Active Publication Date: 2021-11-09

NANJING UNIV OF POSTS & TELECOMM

View PDF5 Cites 4 Cited by

Summary
Abstract
Description
Claims
Application Information

AI Technical Summary
This helps you quickly interpret patents by identifying the three key elements:
Problems solved by technology
Method used
Benefits of technology

Problems solved by technology

[0006] In addition, the existing generative models are mainly represented by generative confrontation network (GAN) and variational autoencoder (VAE), but GAN has the defects of gradient disappearance and training instability, while the image generated by autoencoder is relatively blurred

At the same time, cross-modal image generation research is mainly based on text-based image generation, and these models can only handle cross-modal generation of a single modality, even if they can be extended, considering that the word-level features of text are relatively tactile and audio-usually in the form of Time-domain sequence representation is more complex, and text-based cross-modal models are not suitable for multi-modal scenarios

Method used

the structure of the environmentally friendly knitted fabric provided by the present invention; figure 2 Flow chart of the yarn wrapping machine for environmentally friendly knitted fabrics and storage devices; image 3 Is the parameter map of the yarn covering machine

Image

Smart Image Click on the blue labels to locate them in the text.

Viewing Examples

Smart Image

Examples

Experimental program

Comparison scheme

Effect test

Embodiment Construction

[0092] In order to make the object, technical solution and advantages of the present invention clearer, the present invention will be described in detail below with reference to the accompanying drawings and specific embodiments.

[0093] Efficient and accurate cross-modal image generation methods need to be formulated, capable of fusing different modalities and achieving high-quality image data reconstruction.
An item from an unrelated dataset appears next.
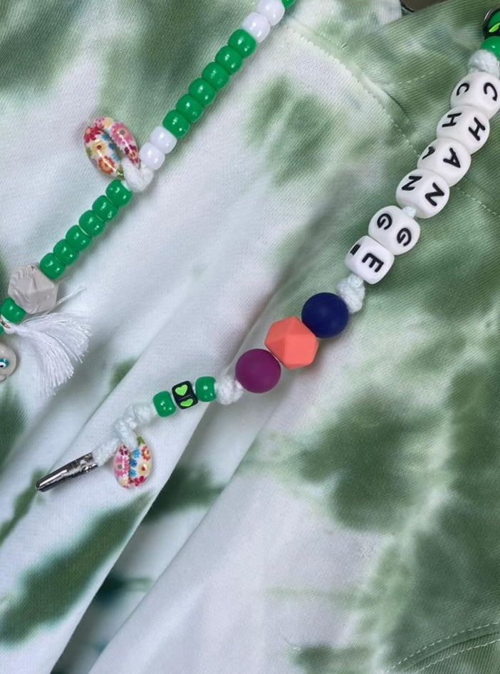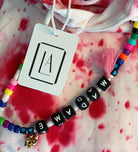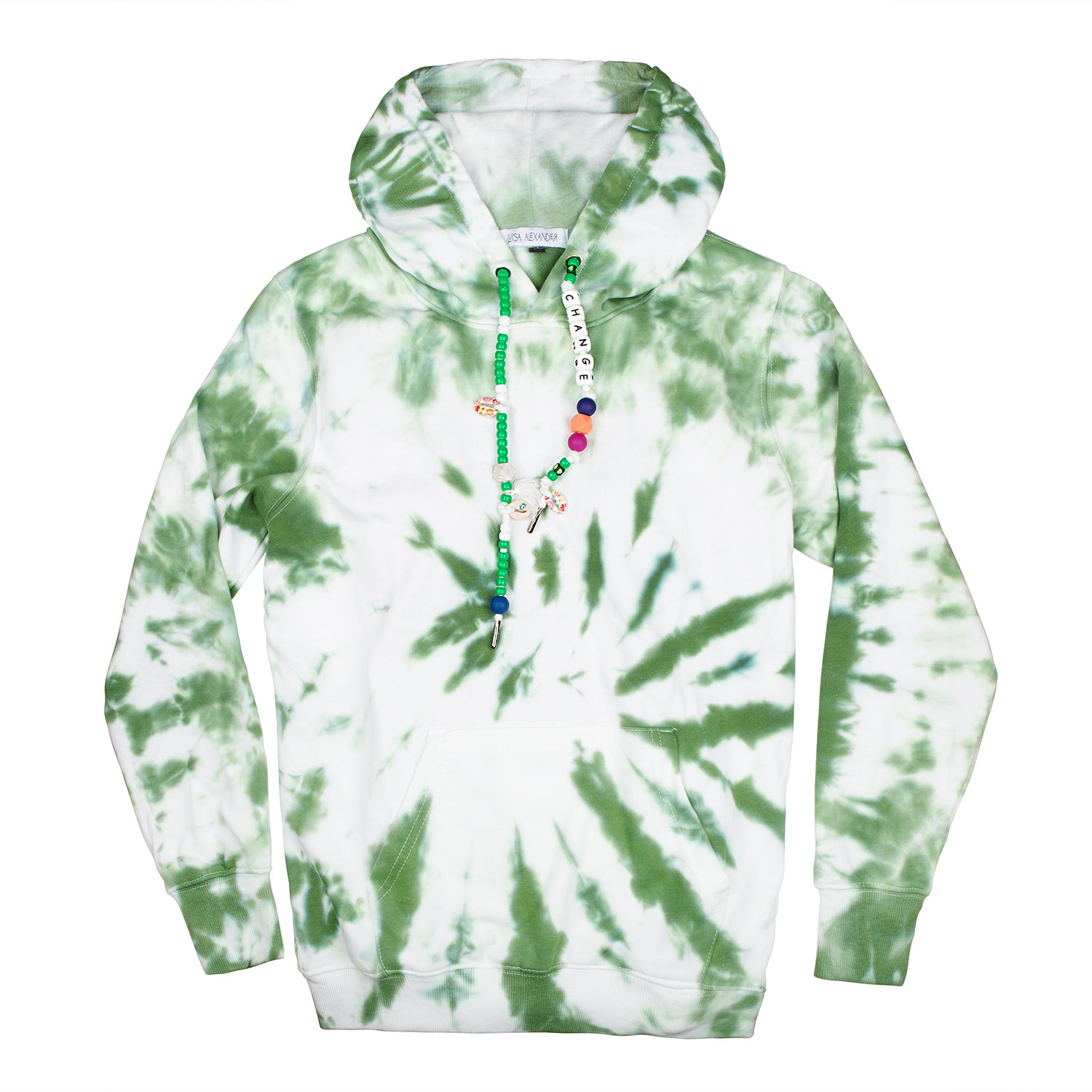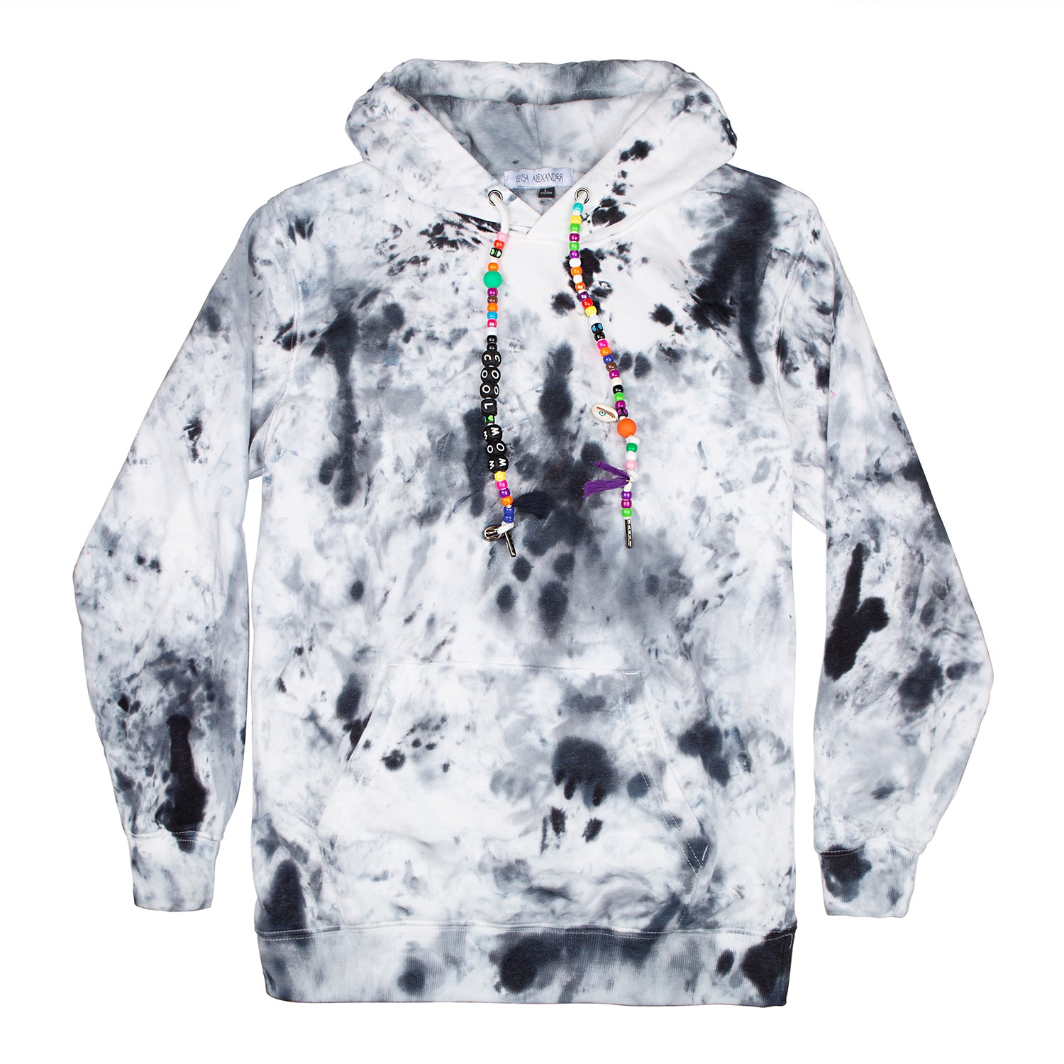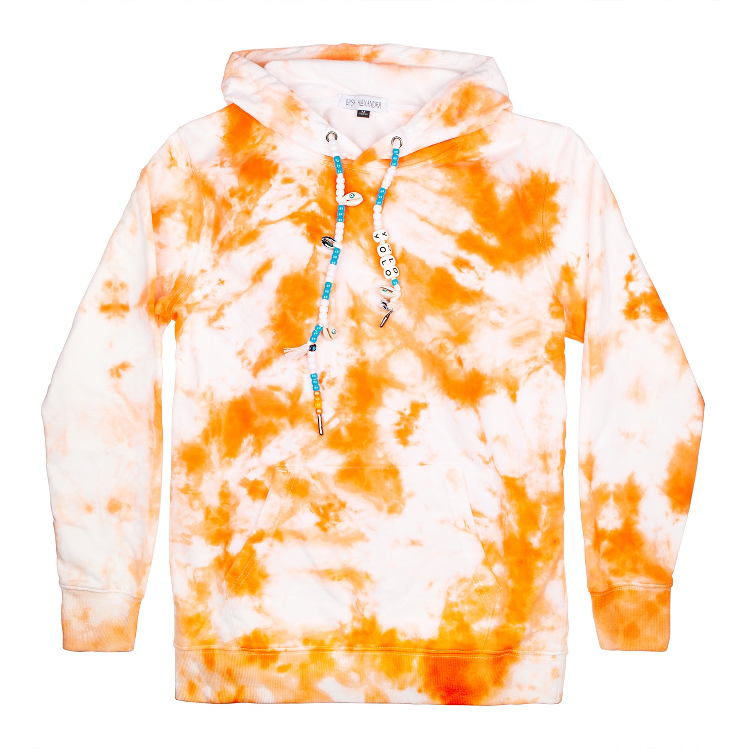 One-of-a-kind tie-dye hoodies designed by us and brought to life by you. In the following fields you may specify what you want your drawstrings to say, and if you’d like to add a single initial patch. Each product is hand-dyed and one-of-a-kind so there will never be two hoodies alike.

In recent years, the confrontation generation model has achieved good success in the field of image generation, and the knowledge distillation model also provides a simple and efficient way to improve the fine-grained image generation. Therefore, the present invention proposes a cross-modal image generation method based on audio-tactile signal fusion. The fusion method based on deep semantics can improve the accuracy of model reconstruction; latent space learning maps the semantic features of cross-modal data to a "latent learning space" to measure the similarity of dif...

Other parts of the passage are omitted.